Ascolta l'articolo |
Il democrascismo, sgradevole ossimorico neologismo, ci serve qui per descrivere e analizzare un’insidiosa metamorfosi della democrazia, sempre meno partecipativa e sempre più asservita ai potentati economici. Un tempo la democrazia era la piazza, il dibattito, la sovranità popolare. Oggi è sempre più un palcoscenico dove pochi attori recitano un copione scritto da altri. Il democrascismo è una dittatura leggera, dove il dissenso è tollerato finché non disturba i manovratori. È il trionfo dell’immagine sulla sostanza, del marketing sulla politica, dell’interesse privato sul bene comune.
Il tentativo adesso è quello di capire cosa c’è di diverso oggi in una democrazia come la nostra, figlia della lotta antifascista iniziata nelle trincee dei partigiani e proseguita con la nascita della Costituzione che di quel nettare antiautoritario si è nutrita.
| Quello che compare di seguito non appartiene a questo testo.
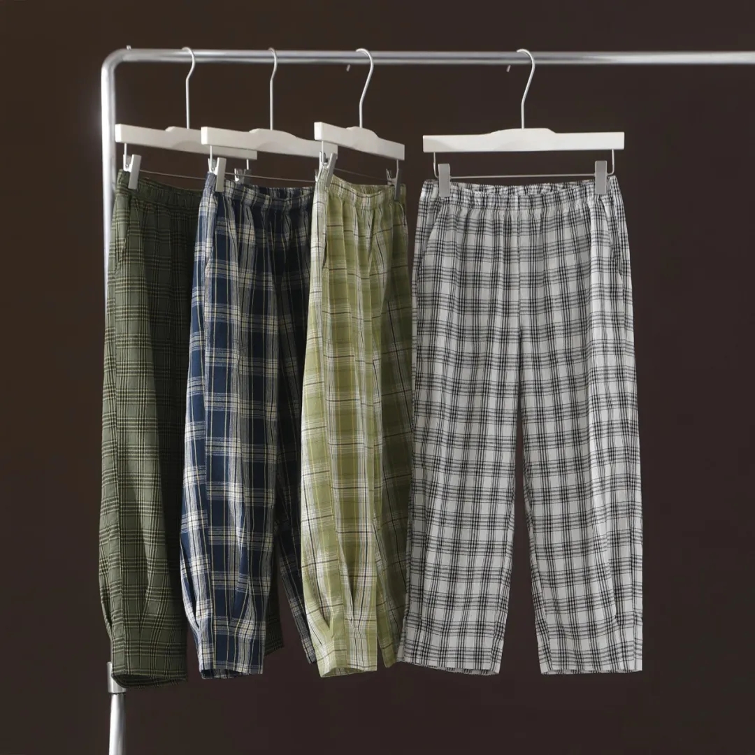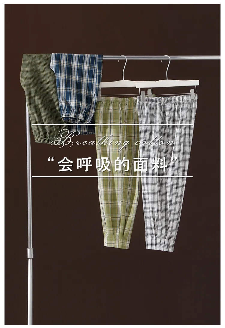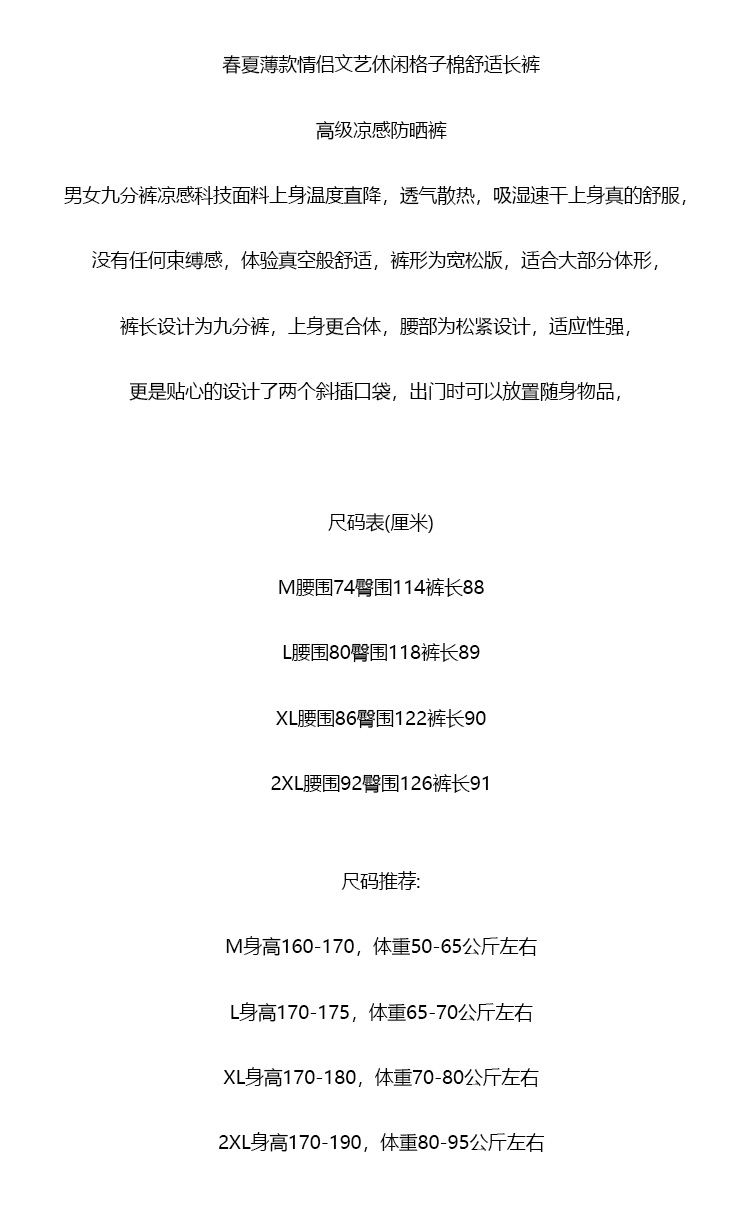 【yz-2515】春夏情侣薄款休闲格纹凉感防晒长裤!!

Condizioni come quella del sempre più mancato impegno elettorale da parte dei cittadini, la crescita del consenso ottenuto da formazioni politiche della destra neofascista, mettono in dubbio la salute della nostra società democratica. Può una comunità scegliere liberamente, e senza esprimere alcun sintomo di disagio, una forma di governo dispotica e illiberale, che, come da origine, s’impegna per favorire gli interessi dei più ricchi?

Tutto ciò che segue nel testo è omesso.